2. An aspect that I furthermore miss in the introduction and discussion part is the fact, that basically all cytokine receptor systems appear to have a rather strong preference for certain STATs. It appears rather trivial that different receptors / receptor chains will have different affinities for the different STATs and this has been addressed in a few studies previously (e.g. STAT1, STAT3 in ref. 42), or STAT2 in IFNAR1 in PMID:8605876. The present manuscript arrived at the conclusion of differing affinities of STAT1 and STAT3 for GP130 and IL-27Ra by rather intricate modeling approaches and confirms this biochemically. This is OK, but I find it a bit disconcerting that this is sold as a fascinating new finding, while I would say it is the most expected explanation. I dint want to diminish this achievement, just strongly suggest toning this down a bit and, most importantly, add a few words on the known and suspected differential affinities of the various STATs to cytokine receptors in general.
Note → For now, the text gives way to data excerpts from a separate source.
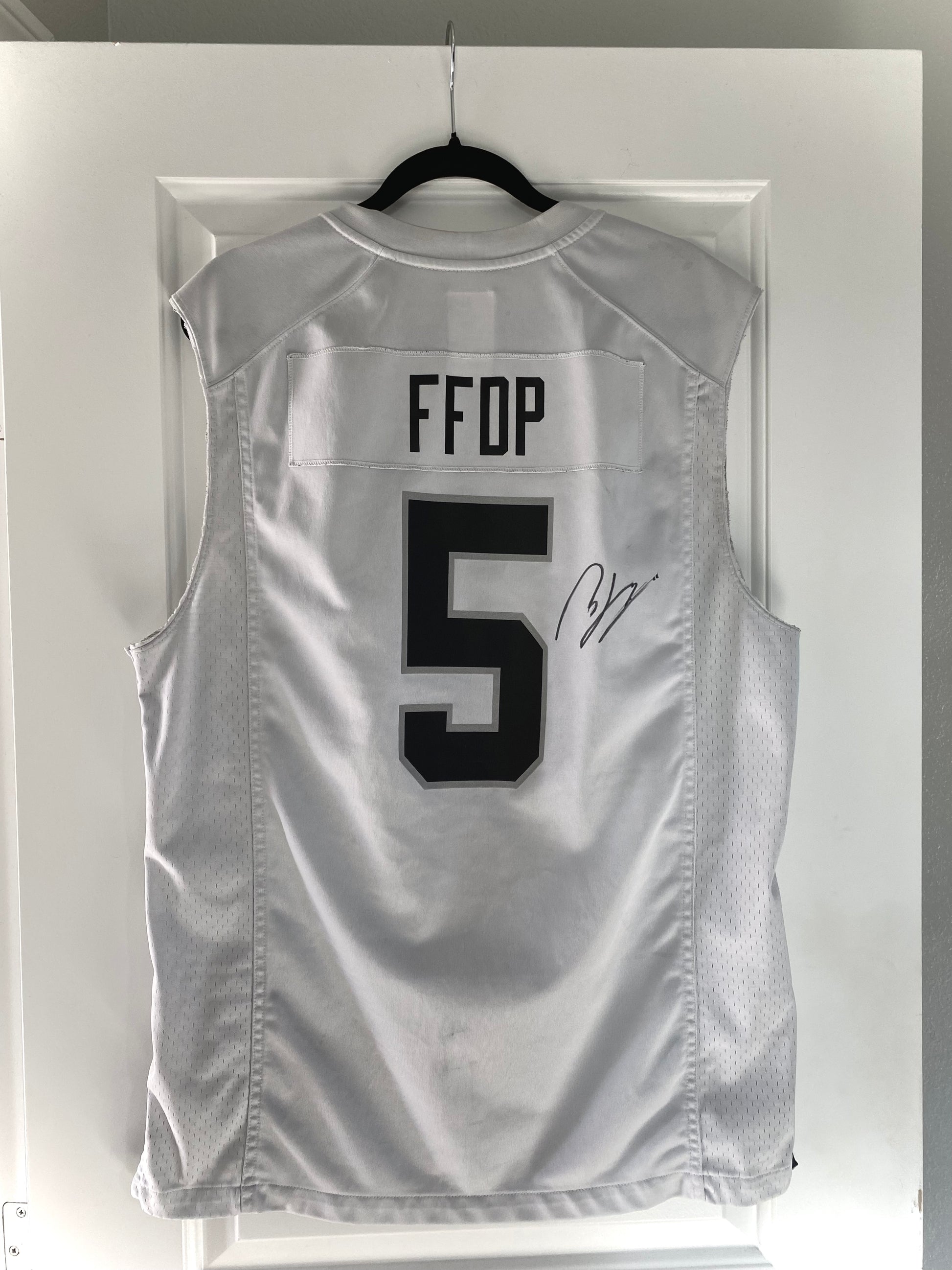 This particular jersey is white with black FFDP 5 writing. Size Large. NFL made.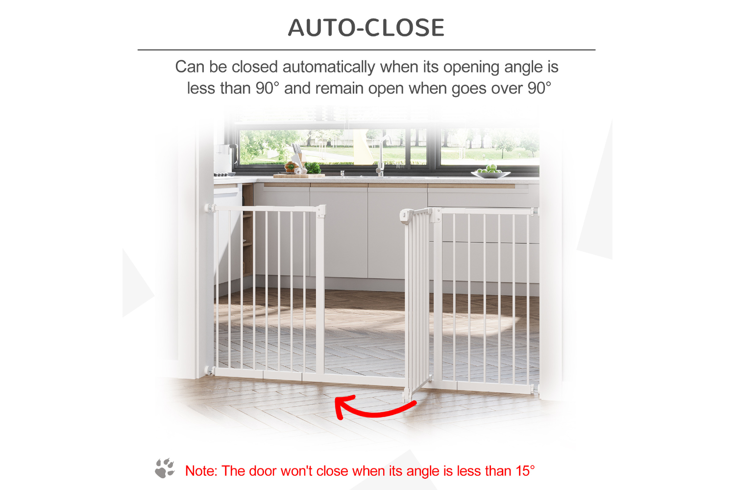 • When the opening angle is less than 90°, the door will close automatically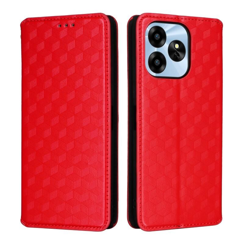 Θήκη τηλεφώνου από δέρμα με ανάγλυφο κυβικό πλέγμα για Umidigi G6 5G (Μαύρο)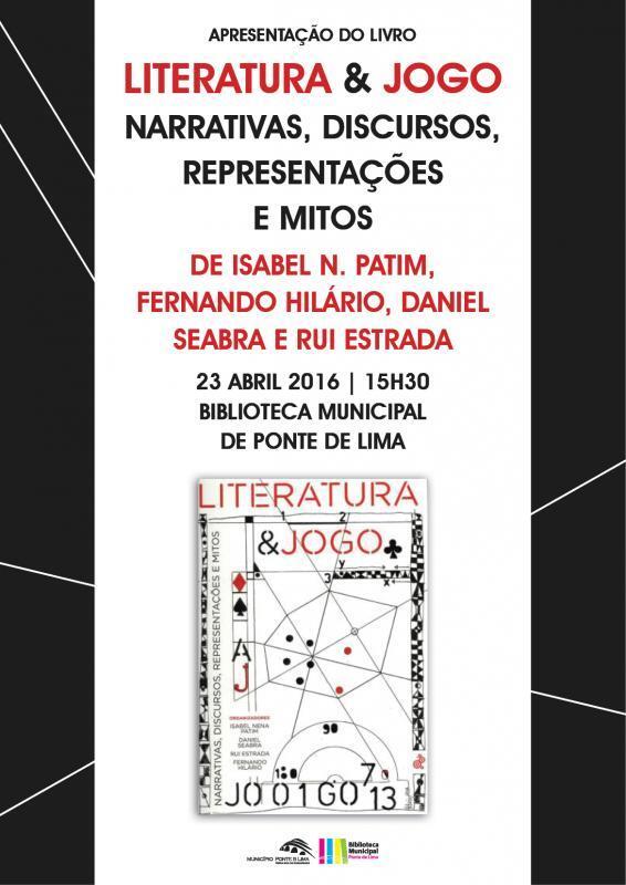 O Município de Ponte de Lima, no âmbito das comemorações do Dia Mundial do Livro e do Direito do Autor, promove a apresentação do livro "Literatura & Jogo - narrativas, discursos, representações e mitos", organizado por Isabel Nena Patim, Fernando Hilário, Daniel Seabra e Rui Estrada.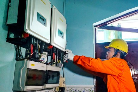 Điện lực kiểm tra inverter công trình NLMT lắp trên mái nhà dân dụng.
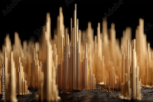 Abstrakcyjna, cyfrowa wizualizacja złotych słupków lub kolumn o różnej wysokości, wyrastających z ciemnej, teksturowanej powierzchni. Przypomina wykres słupkowy lub futurystyczne miasto.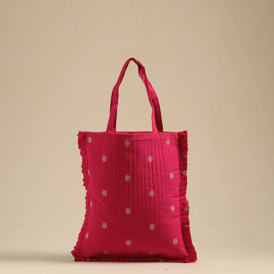 This pink handcrafted cotton frill jhola bag seamlessly blends tradition with modern style. Made from eco-friendly materials, it’s spacious enough to carry your daily essentials while adding a touch of artisanal charm to your outfit.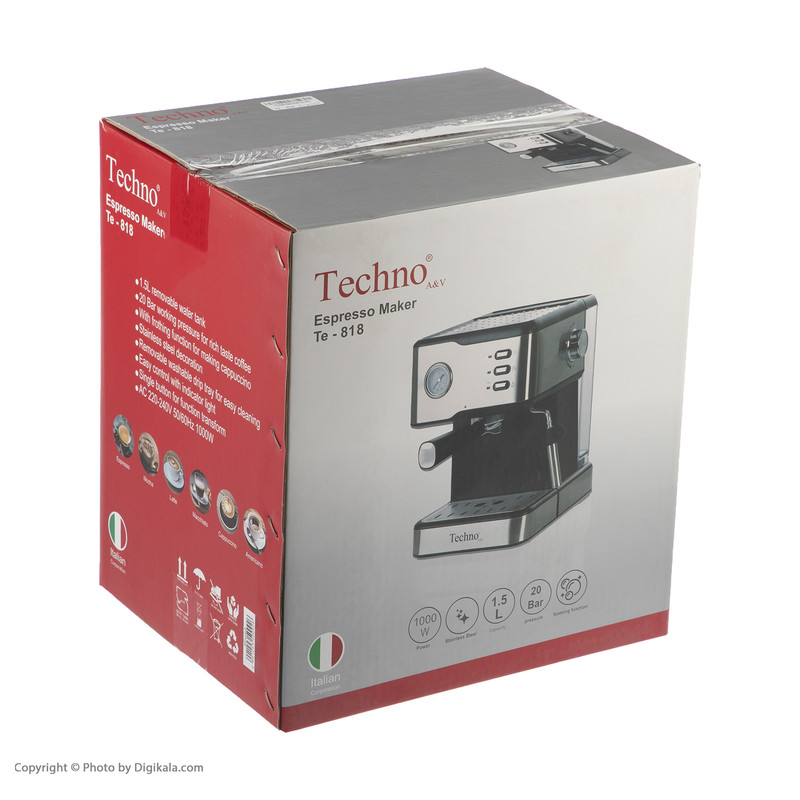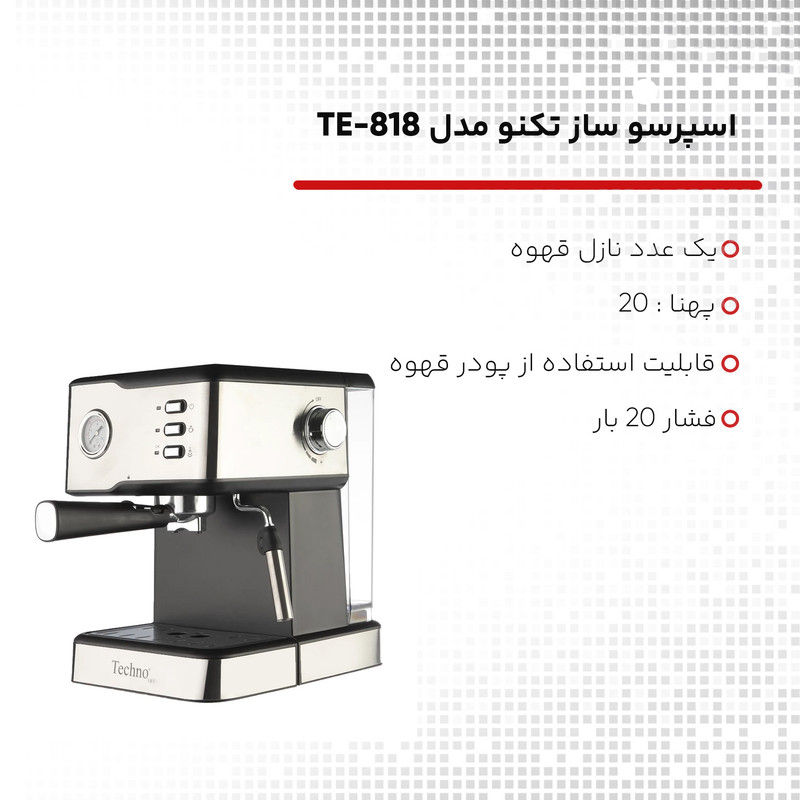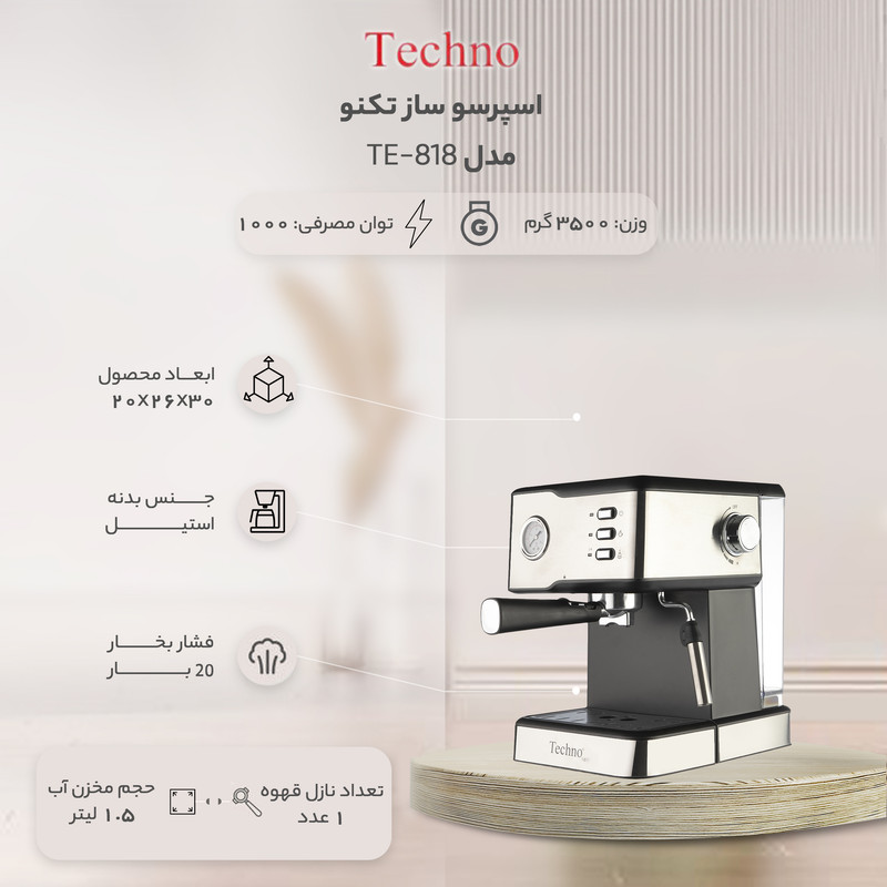 داشتن دستگاه قهوهساز خانگی برای تهیه و سرو یک فنجان قهوهی خوشطعم و تازه مناسب است و میتواند برای دوستداران این نوشیدنی پرطرفدار بسیار خوشایند باشد. اسپرسوساز مدل «TE-818» محصولی باکیفیت از برند «تکنو» است. این دستگاه یک اسپرسوساز جمعوجور با بدنهای از جنس استیل است. این دستگاه امکان تهیه اسپرسو، کاپوچینو و لاته را برای شما فراهم میکند. اسپرسوساز تکنو با توان موتور 1000 وات کار میکند و قدرت فشار بخار آن به 20 بار میرسد. نازل قهوه یک عددی است و اجازهی تهیهی یک فنجان بزرگ را به شما میدهد. مخزن آب این دستگاه اسپرسوساز در قسمت پشت آن قرار گرفته و قابلیت جدا شدن دارد. گفتنی است سینی چکهگیر قابلیت جداسازی دارد تا نظافت دستگاه آسان باشد.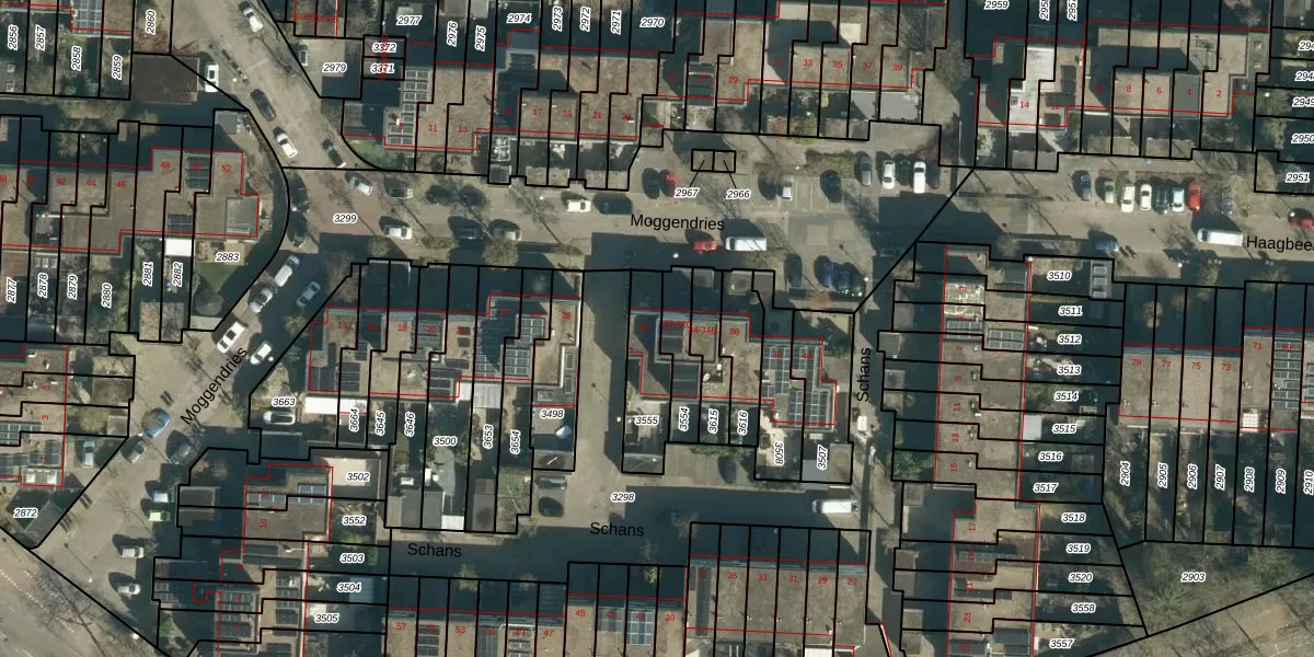 Gebruik de zoekbalk of klik op een perceel voor informatie over de adressen binnen dit perceel.
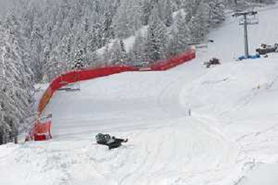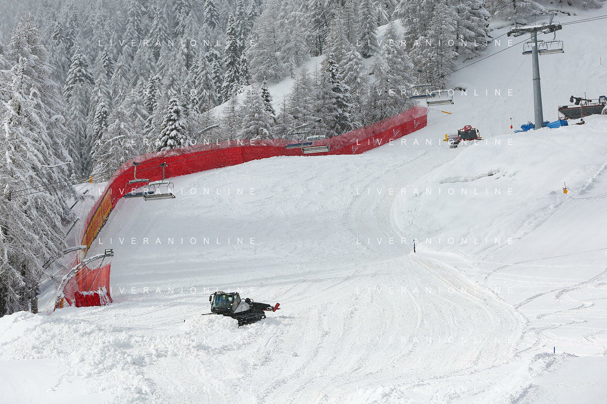 Luca Tedeschi/LM - 2021 FIS Alpine World SKI Championships - Alpine Combined - Women - alpine ski race 08 February 2021 - Olympia delle Tofane, cortina (bl), Italy Photo showing: Slope preparation in Cortina d'Ampezzo the Alpine Combined women race is cancelled due to snowfall @LM/Luca Tedeschi AG ALDO LIVERANI SAS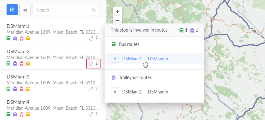 The created stops are displayed as a list on the left side of the screen. The data about a stop includes its name, description (if specified), type (types), and information about the routes it is used in. When pointing to a stop, the buttons for its editing and deleting appear in the list.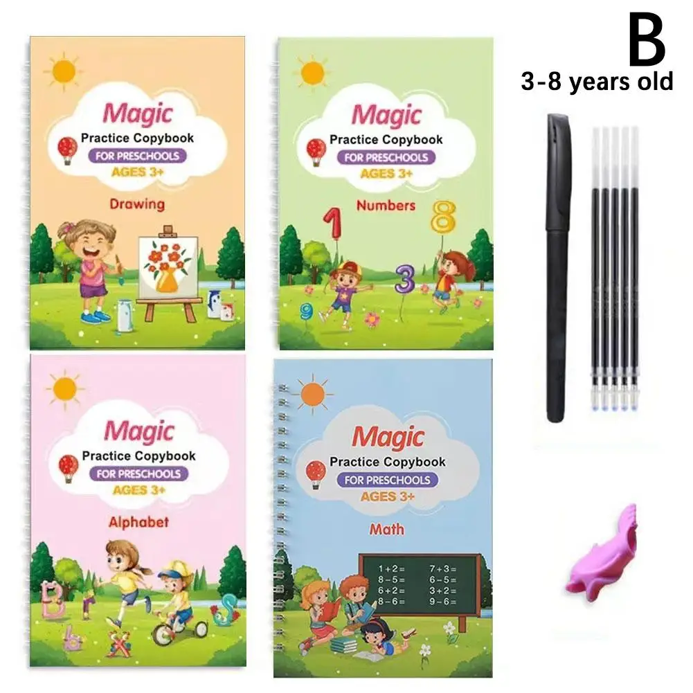 Contenido del producto: El libro de palabras de práctica mágica para niños tiene 1 cartucho de bolígrafo, 5 recambios y 1 portalápices de silicona, los niños pueden practicar el lápiz de lectura para niños durante mucho tiempo, el libro de palabras mágicas puede ayudar a los niños a corregir la acción para sostener el bolígrafo.Libro mágico con ranuras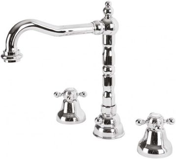 Управление: вентильное Материал: латунь Исполнение: хром, бронза, золото 24 карат Длина излива: 18 см Механизм: керамическая кран-букса Отверстия для монтажа: 3 отверстия Тип подводки: гибкая 1/2" Оснащение: донный клапан, аэратор Дополнительная информация: поворотный излив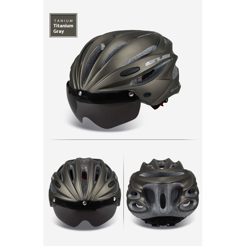 Mountain Bike Integrated Riding Cap Magnetic Goggles Helmet Aurora Blue L
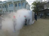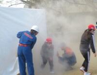 濃煙体験…煙で前が見えません。呼吸も苦しくなります。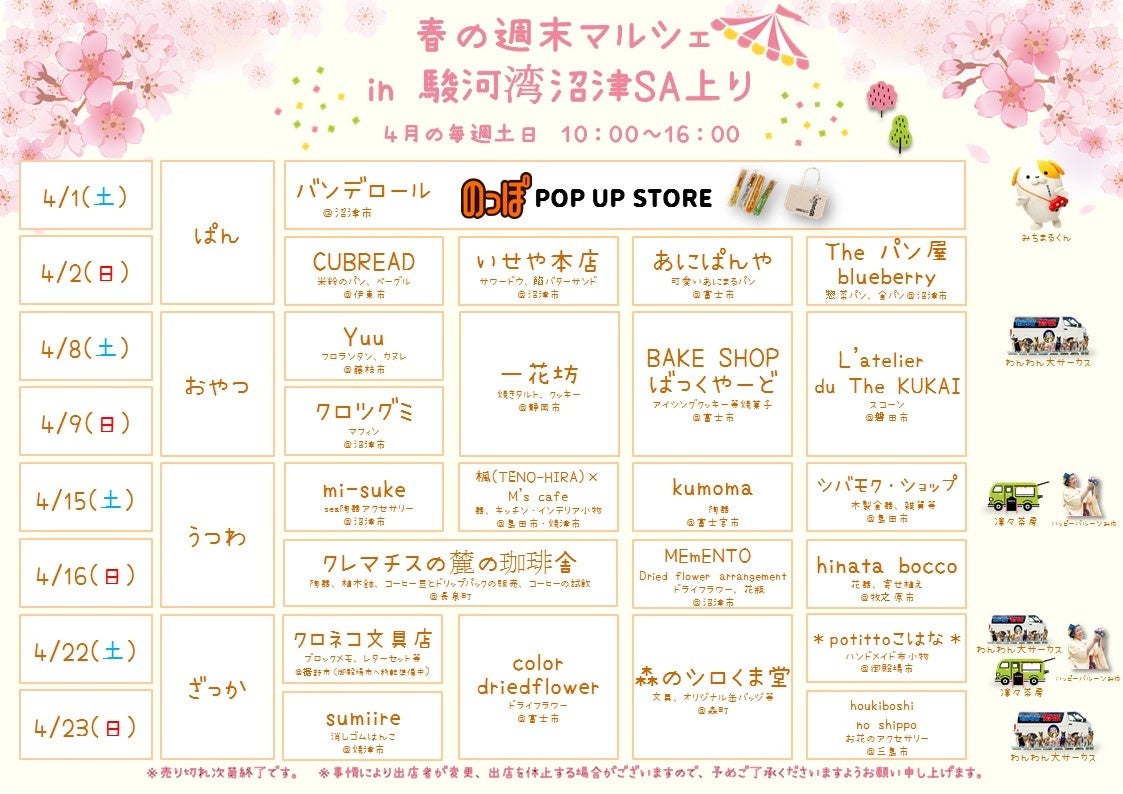 4月の週末は、ぜひNEOPASA駿河湾沼津(上り)にお越しいただき、ここでしか出会えない人・モノとの出会いをお楽しみください。

We agree with the reviewer in that the observation that cytokine receptors all have a certain preference for STAT activation has been well described in literature. However, in recent years the cytokine field has started to realize that cytokine signalling signatures are very plastic and cytokine responses can change dramatically depending on the environment where the responsive cells is localized. This ultimately contributes to the large functional pleiotropy exhibited by cytokines. Our work now provides molecular bases to support these initial observations. We show that the STAT-receptor preference is not as strong as initially believed and that small alterations in STAT and receptor concentration, as those found in pro-inflammatory environments (e.g. SLE) can dramatically change the response of a cell to a given cytokine. In addition, we show that IL-27 has evolved away from this general mechanism of cytokine signalling. By decoupling the binding of STAT1 and STAT3 to IL-27Ra and GP130 respectively, the IL-27 system shows unique properties that allows it to cope with the changing environments. To follow the reviewer suggestions, we have added a paragraph to the introduction giving some background on different STAT affinities to the receptor phospho-Tyrosine motifs and how this would lead to a STAT competition model.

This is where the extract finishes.